In retirement Noah had time to keep watch, tally his evidence, and make sure his theory made sense. Knowing the ranch land had been sold a mere four months after the murders and that Jessica’s best friend, Alana Stevens, had brokered the deal, there was yet another money trail to follow. And this time he dug deep, bribed a few bank officials, and documented every aspect of how the money led not only to every member of the law firm but to the Stevens woman as well.
Going over the police reports, which he’d obtained through a series of bribes to a county sheriff’s deputy, he’d discovered the murder weapon had been a .357 magnum. He’d taken that information to every gun dealer in L.A. and found that two days before the murders Alana Stevens had purchased that particular caliber weapon from a pawn shop in the San Fernando Valley. He didn’t think she’d bought it for protection.
Believing he’d solved the murder of his parents, Noah had taken what he had to the authorities, document by document, piece by piece. They’d listened—politely. Called his evidence, his theories mere coincidence, and in the end they’d been less than interested in pursuing the bad guys, especially when these particular bad guys were now movers and shakers all over Beverly Hills, all over the state.

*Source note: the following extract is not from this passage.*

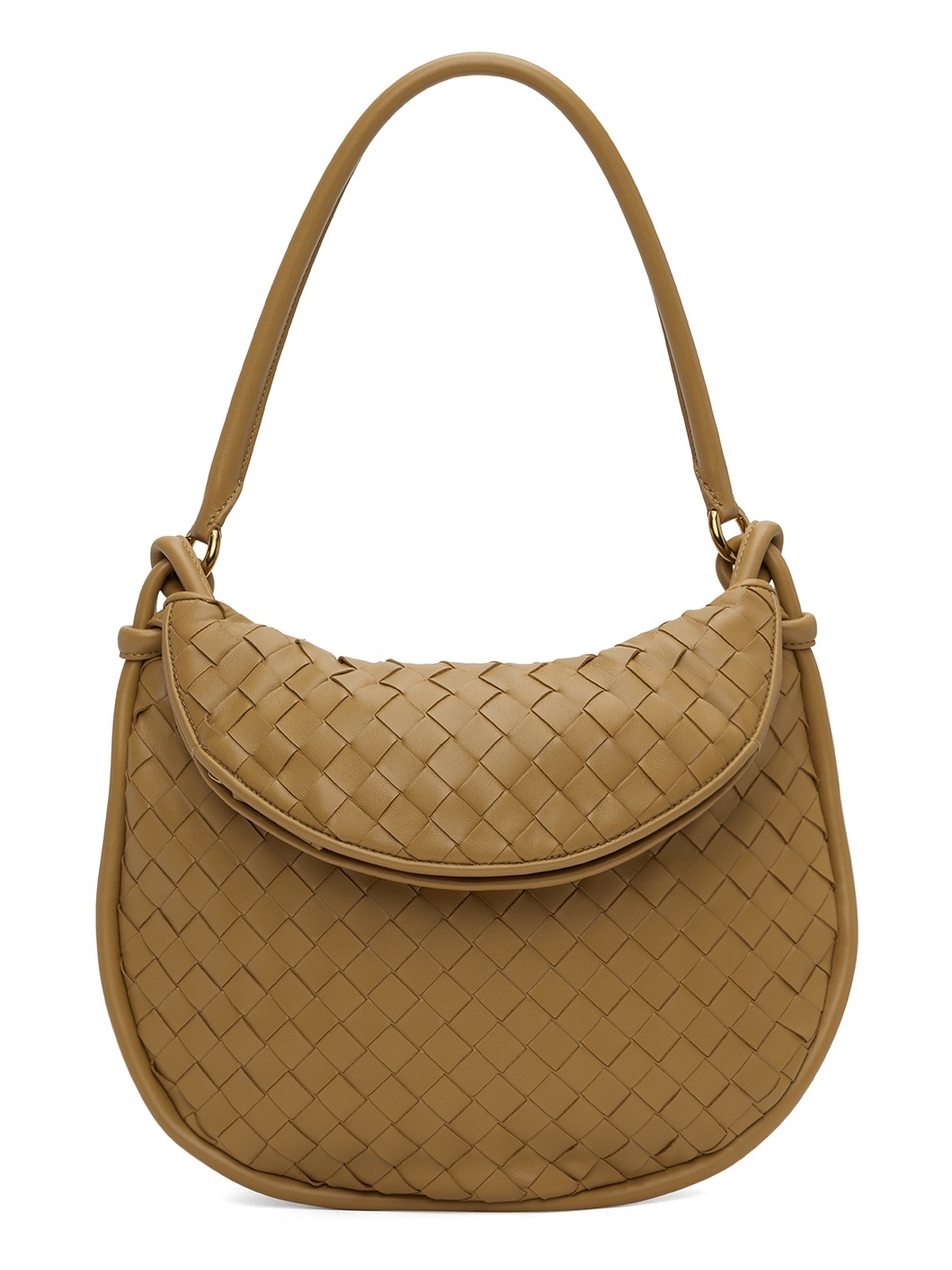 Intrecciato-woven grained lambskin shoulder bag in tan. · Detachable shoulder strap · Zip compartment at top · Zip closure · Zip pocket at interior · Buffed calfskin lining · Logo-engraved gold-tone hardware · H9.25" x W13.75" x D1.5" Supplier color: Dark praline/Brass Body: 100% lambskin. Lining: 100% calfskin. Made in Italy 242798F048037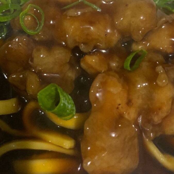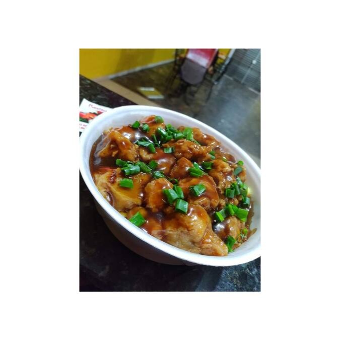 Coxa sobre coxa empanada,macarraão,molho oriental com um toque de gengibre e cebolinha.

Just when Noah had been about to take things into his own hands, mete out justice the only way he knew how, the way he’d been trained, he had discovered he had pancreatic cancer.
Noah had turned to his old friend Trevor Dane to pick up the task at hand.
And Trevor had no intentions of letting him down, especially now that he knew the evil ran so much deeper.
CHAPTER 4
Baylee heard Sarah begin to fuss through the baby monitor, rolled over in bed, blinked through a fog of sleep, and stared at the clock, 5:45. Her body felt like it was five-forty-five.
After waking up around midnight Sarah had stayed awake for almost an hour playing, until her bleary-eyed mother had finally gotten her to go back down again. At this point, she wondered if her daughter would ever sleep through the night. Baylee slid out of bed and grabbed for her robe. As she did she caught her reflection in the mirror hanging over the dresser. She paused long enough to stare at her mousy brown hair. For months now, ever since coming back to L.A., she’d dyed her damned hair and for what?